A partir du 15 mai, la réaction jeta le masque. La possibilité de renverser la République venait d'apparaître aux royalistes : le cœur leur revint. La mine fut ouverte sous la Commission exécutive. Contre M. Ledru-Rollin, orléanistes et légitimistes redoublèrent leurs attaques. M. Caussidière fut remplacé à la préfecture de police, en dépit, ou, plutôt, à cause de la protection de M. de Lamartine. Et M. de Lamartine lui-même, que ses avances au parti monarchiste avaient ruiné dans l'esprit du Peuple, se vit abandonné tout à coup par ceux auxquels il avait servi d'instrument, et sentit de toutes parts le sol se dérober sous lui.

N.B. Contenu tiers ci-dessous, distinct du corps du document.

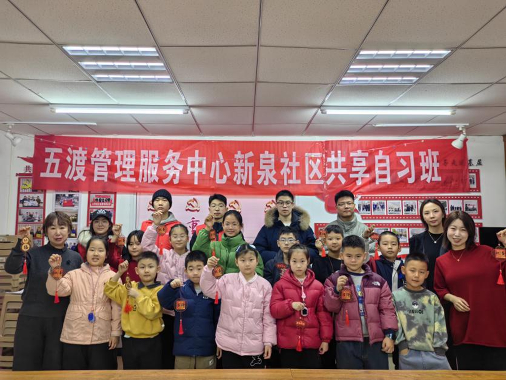 活动最后,全体参与人员手持福牌合影留念,将这份新春的喜悦与非遗的美好定格。此次共享自习室年后第一课,既让孩子们体验了非遗手工的乐趣,传承了中华优秀传统文化,也为青少年搭建了互动交流的平台,让社区共享自习室真正成为孩子们成长的“第二课堂”。
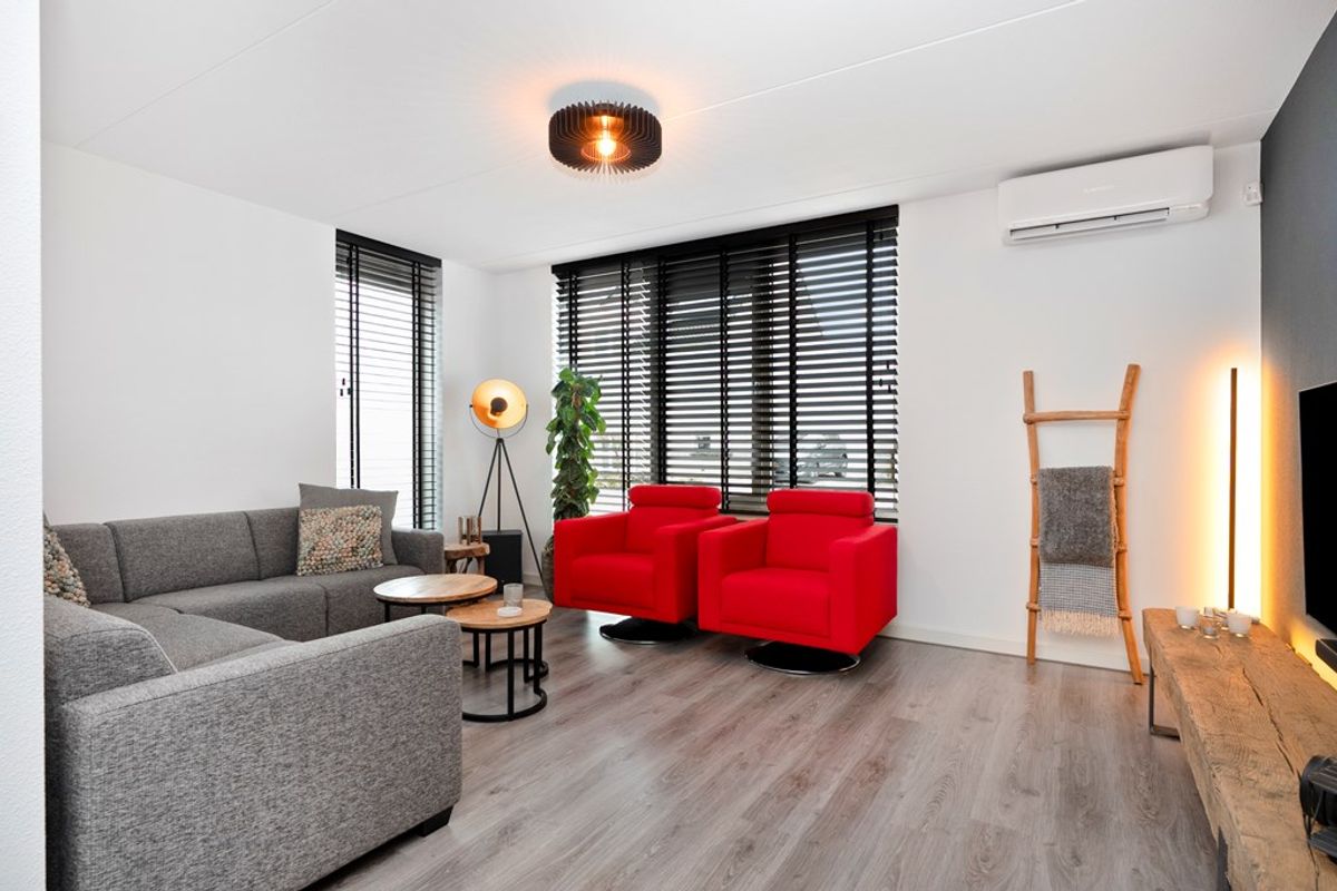 Over de gehele begane grond ligt een laminaatvloer. In de woonkamer hangt een split-unit airco/warmtepomp (2021), waarmee je in elk seizoen de temperatuur eenvoudig regelt.

Comme les personnes que je viens de nommer, je n'avais pas, aux yeux des ennemis de la République, le tort d'être au pouvoir ; mais mon crime était bien plus noir encore : le cœur du Peuple me restait, et même ses sympathies ne s'étaient jamais prononcées avec une vivacité plus touchante que depuis qu'on avait fermé sur moi les portes des régions officielles. Ma présence gênait : il fut décidé qu'à tout prix et avant tout, on se débarrasserait de moi.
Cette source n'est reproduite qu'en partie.